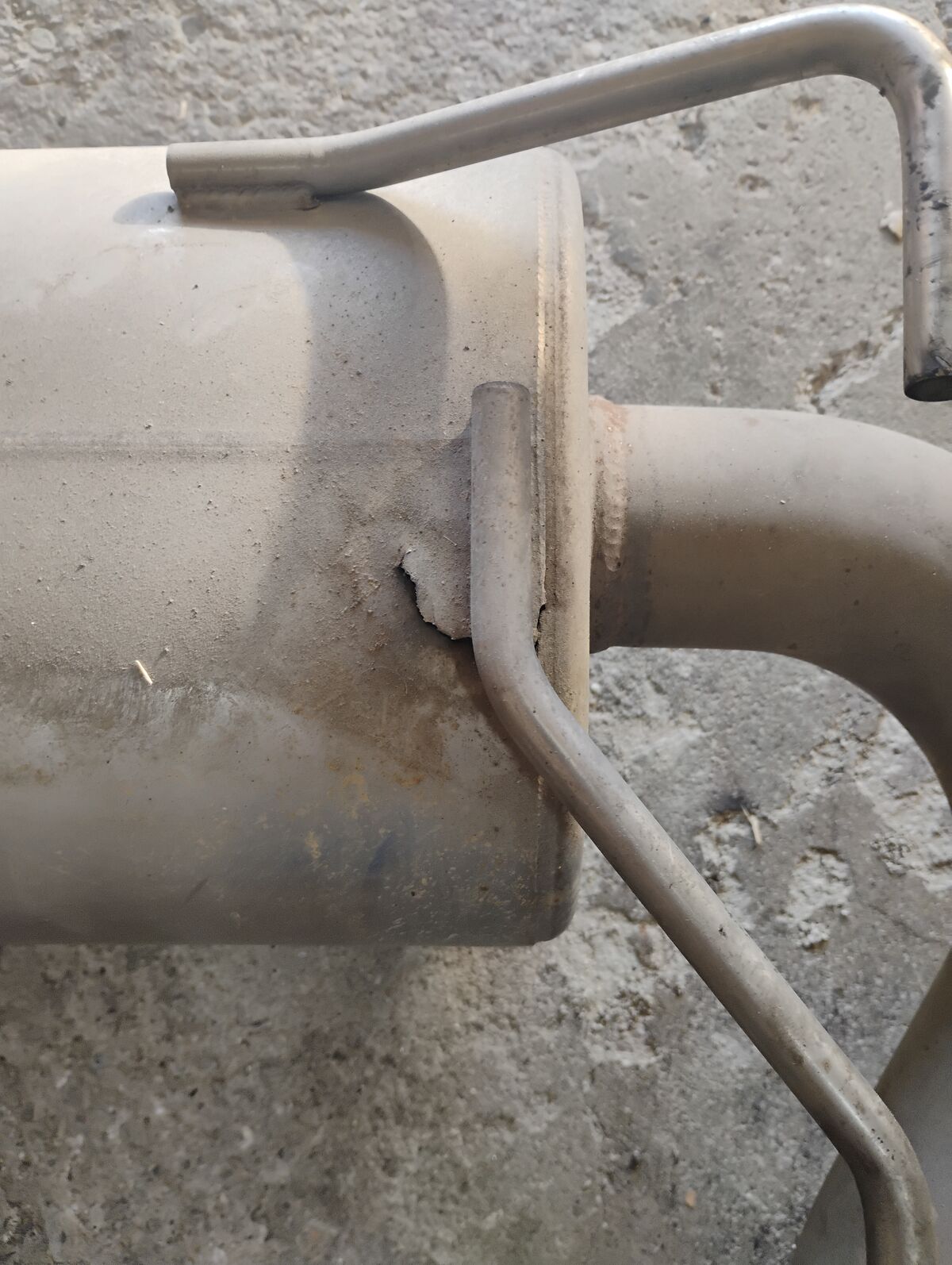 The muffler has a crack near one of the hangars. A simple weld job could patch pretty easily.
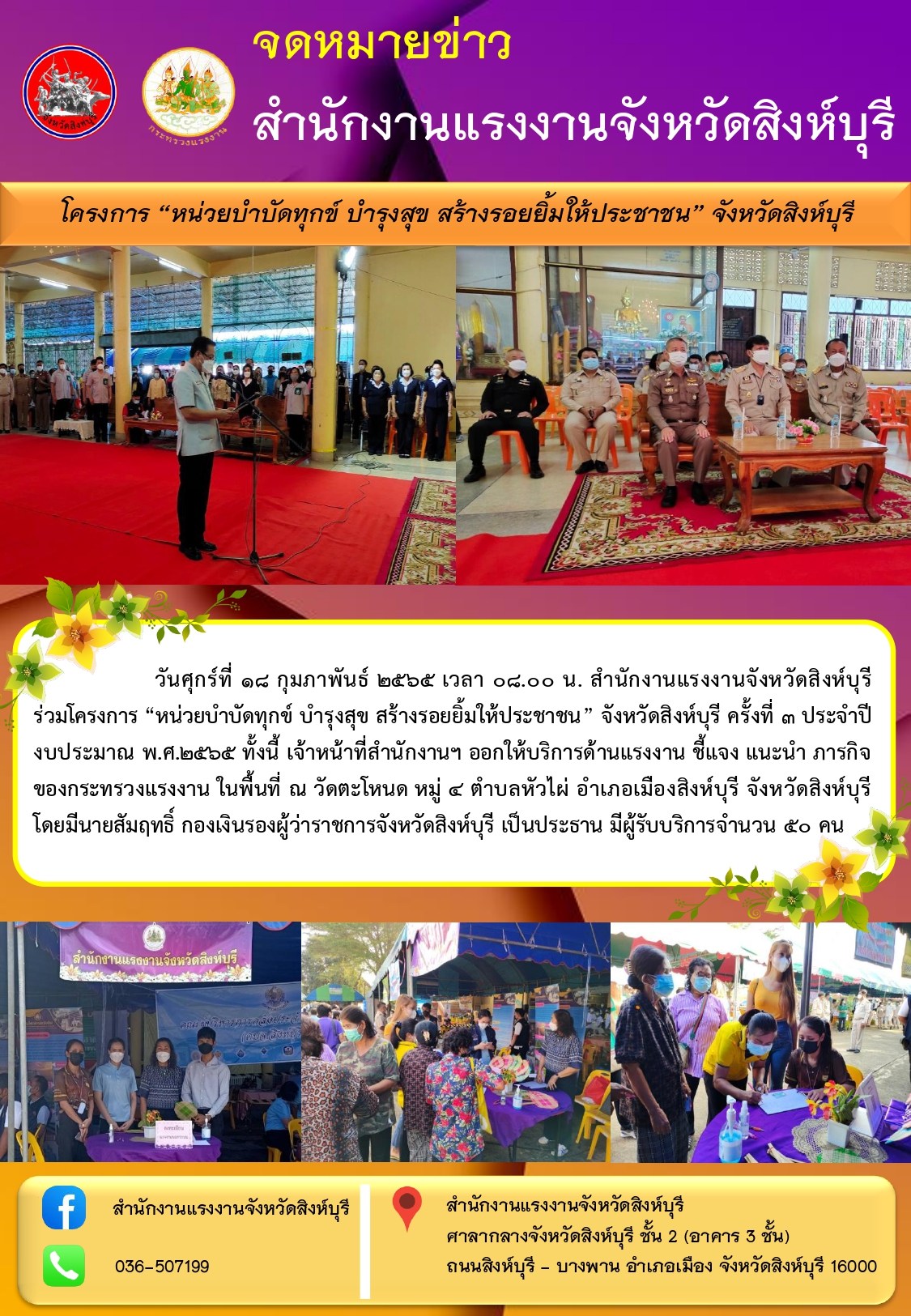 โครงการ”หน่วยบำบัดทุกข์ บำรุงสุข สร้างรอยยิ้มให้ประชาชน” จังหวัดสิงห์บุรี
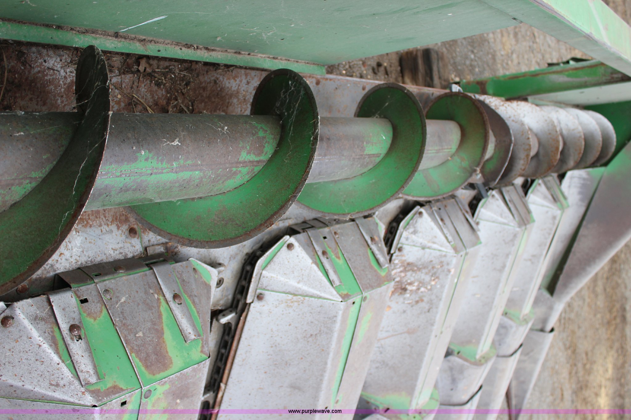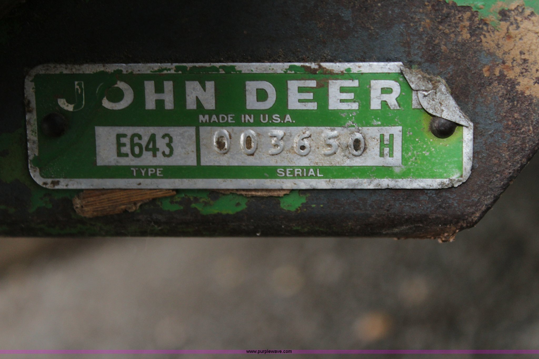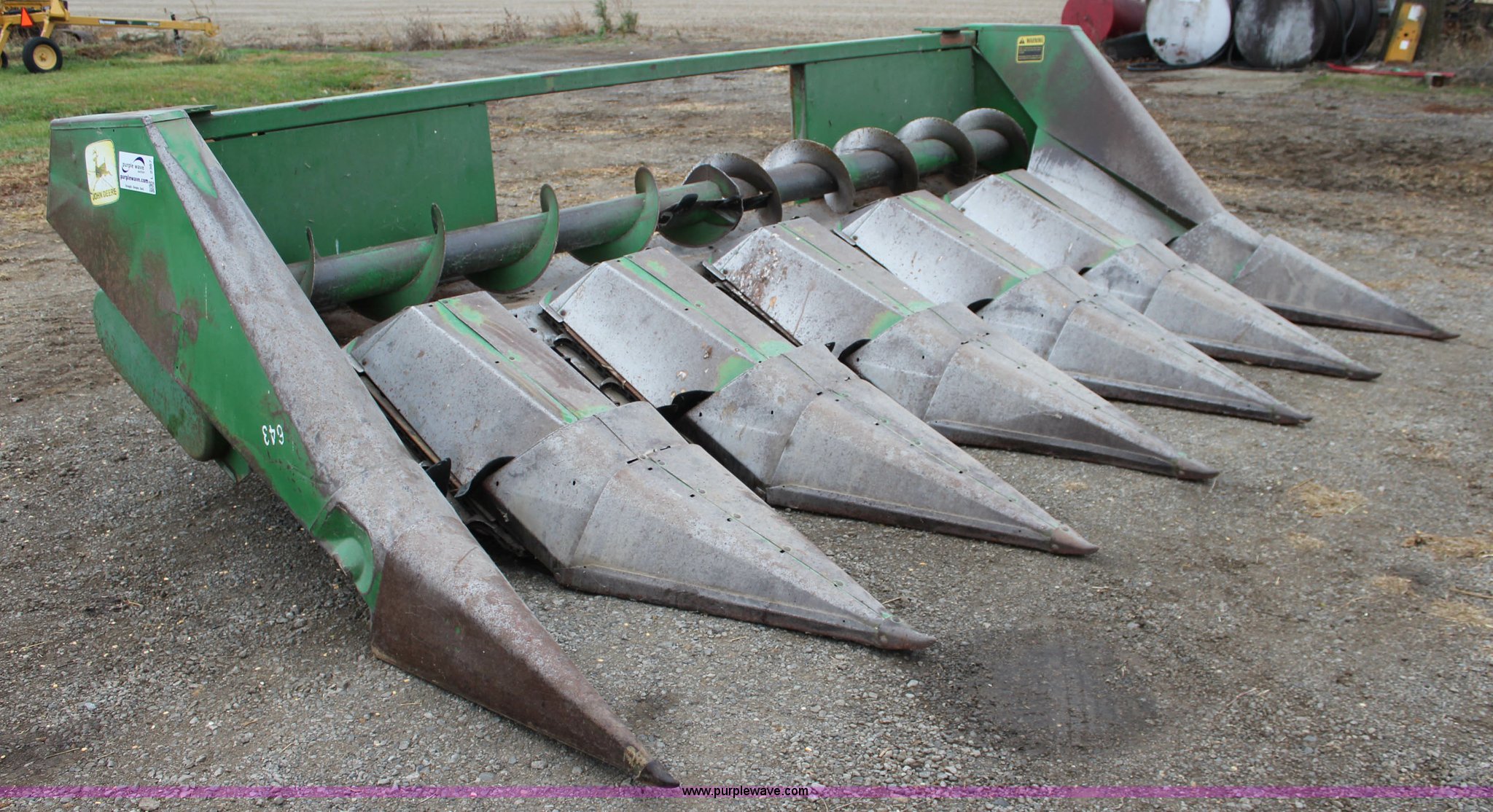 Purple Wave is selling a used Corn or Row Head in Kansas. This item is a 1972 John Deere 643 corn head with the following: Six row, 30" spacing, Setup for side hill machine, One owner, Stored inside, Serial 003650H
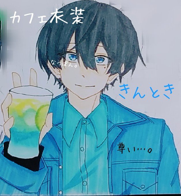 #ワイテルズコラボカフェ2022 明日カフェ行きます💙 カフェ衣装のイラスト、四人だけしか描けなかった💦 何かミスってる、目かな? コピック初心者なので、色が変に……。 #イラスト #コピック #ワイテルズ #ワイテルズ好きさんと繋がりたい #しろっぽ #ワイテルズカフェ #ワイテルズコラボカフェ
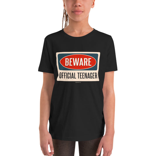 Beware Official Teenager Youth Tshirt, Warning 13 Year Old 13th Birthday Party Funny Caution Teenage Boys Girls Kids Shirt Gift
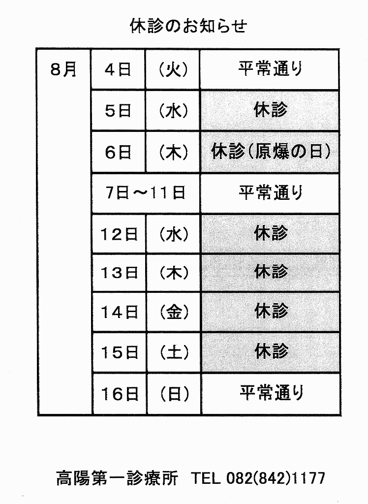 8月6日(木)と8月12日(水)から8月15日(土)は休診となります。ご迷惑をお掛けしますが、ご理解のほどをよろしくお願いします。
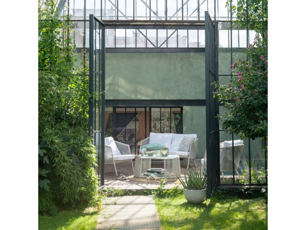 Podívám seŠedý kovový zahradní set pohovky, dvou křesel a stolku J-line Eli
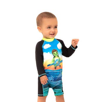 Dress your little one in style while protecting his skin with the Sonny Rashguard Swimsuit. This one-piece features a convenient zipper front closure for easy dressing. If you want excellent UPF 50+ protection and style, make a splash in the Sonny Rashguard Swimsuit. Snap closure for easy diaper changes up to size 2 yr. SIIX Collection swimwear is UPF 50+ Fabric: 81% Polyester / 19% Lycra Care: Machine wash cold on delicate or hand wash. Lay flat to dry.

Your task
What is needed is an exact copy of the lines above from the one with "#ワイテルズコラボカフェ2022 明日カフェ行きます💙 カフェ衣装のイラスト、四人だけしか描けなかった💦" to the one with "Beware Official Teenager", both ends kept, and nothing more; please leave the pictures out.

Finished task
 #ワイテルズコラボカフェ2022 明日カフェ行きます💙 カフェ衣装のイラスト、四人だけしか描けなかった💦 何かミスってる、目かな? コピック初心者なので、色が変に……。 #イラスト #コピック #ワイテルズ #ワイテルズ好きさんと繋がりたい #しろっぽ #ワイテルズカフェ #ワイテルズコラボカフェ
 Beware Official Teenager Youth Tshirt, Warning 13 Year Old 13th Birthday Party Funny Caution Teenage Boys Girls Kids Shirt Gift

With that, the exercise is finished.